Il était impossible de traverser la Rhénanie sans s’arrêter à Cologne, célèbre pour ses eaux mais surtout pour son imposante cathédrale. Après avoir traversé la gare, jouxtée à l’édifice religieux, ce fut le choc. La cathédrale nous écrasa de sa puissance et de sa grâce. Poussés par une pluie battante, nous allâmes trouver refuge en son sein. L’intérieur n’avait rien à envier à l’extérieur. Force et harmonie, démesure et élégance, il n’est guère étonnant que cette construction soit le site le plus visité d’Allemagne.
 


 

Profitant s’une légère accalmie, nous partîmes nous promener un peu dans le centre afin de dénicher un restaurant. Malgré l’overdose de couleurs et de sons provoquée par une « gay pride » locale, nous fûmes touchés par le charme des petites rues et des places.

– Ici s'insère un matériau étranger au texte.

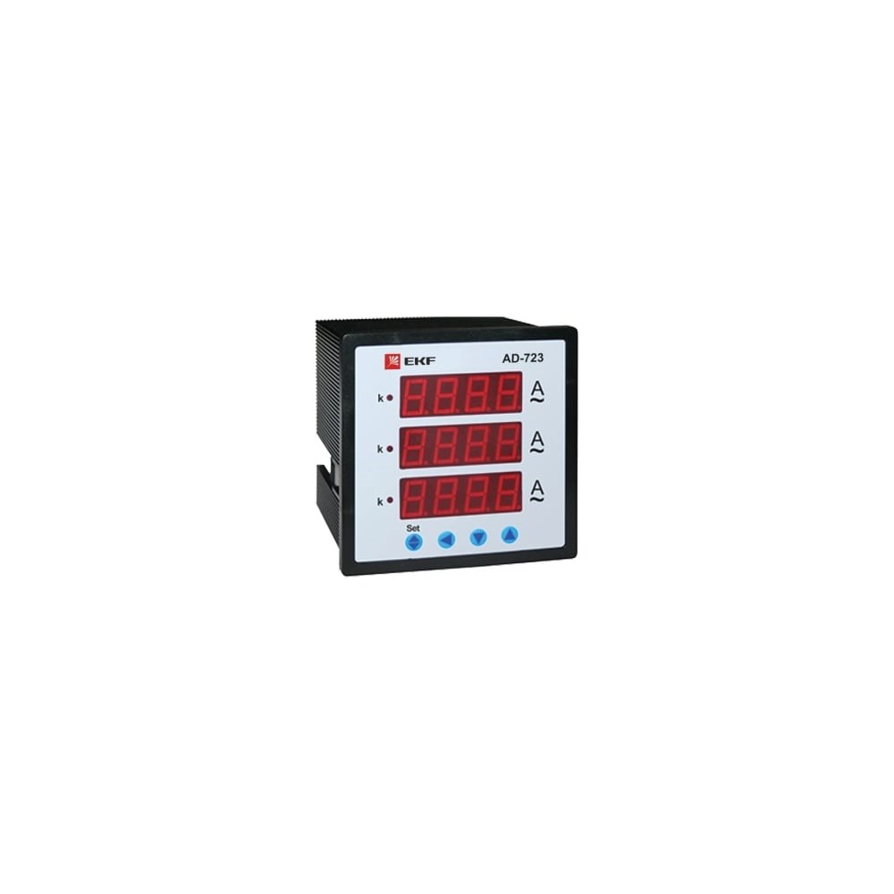 Цифровой трехфазный амперметр EKF AD-723 на панель PROxima SQad-723 выполнен из пластмассы, которая не поддерживает горения. Легко монтируется и имеет возможность настройки под любой трансформатор. Имеет возможность длительной работы без калибровки.

Nous nous arrêtâmes dans un petit restaurant – très bon une fois encore – où je devais faire mon Français : râler. J’avais besoin d’Internet, mais le wifi ne marchait pas bien – nous avions eu beaucoup de problème au cours du voyage. L’indifférence du patron me chauffa un peu. Bien que je sache aujourd’hui que mon ordinateur était responsable dans certains cas du conflit – comme dans ce restaurant –, il est très surprenant de constater qu’il est plus difficile pour un voyageur d’accéder à Internet en Europe qu’au Viêtnam ou en Chine…

L’après-midi, nous fîmes l’ascension des tours de la cathédrale avec ma mère. Vertigineux et épuisant. En redescendant, la pluie nous accueillit de nouveau et nous décidâmes de plier bagage. Fatigués par tous les kilomètres effectués et refroidis par la pluie, nous sentions la bonne odeur de « la maison » ; il nous tardait d’en finir.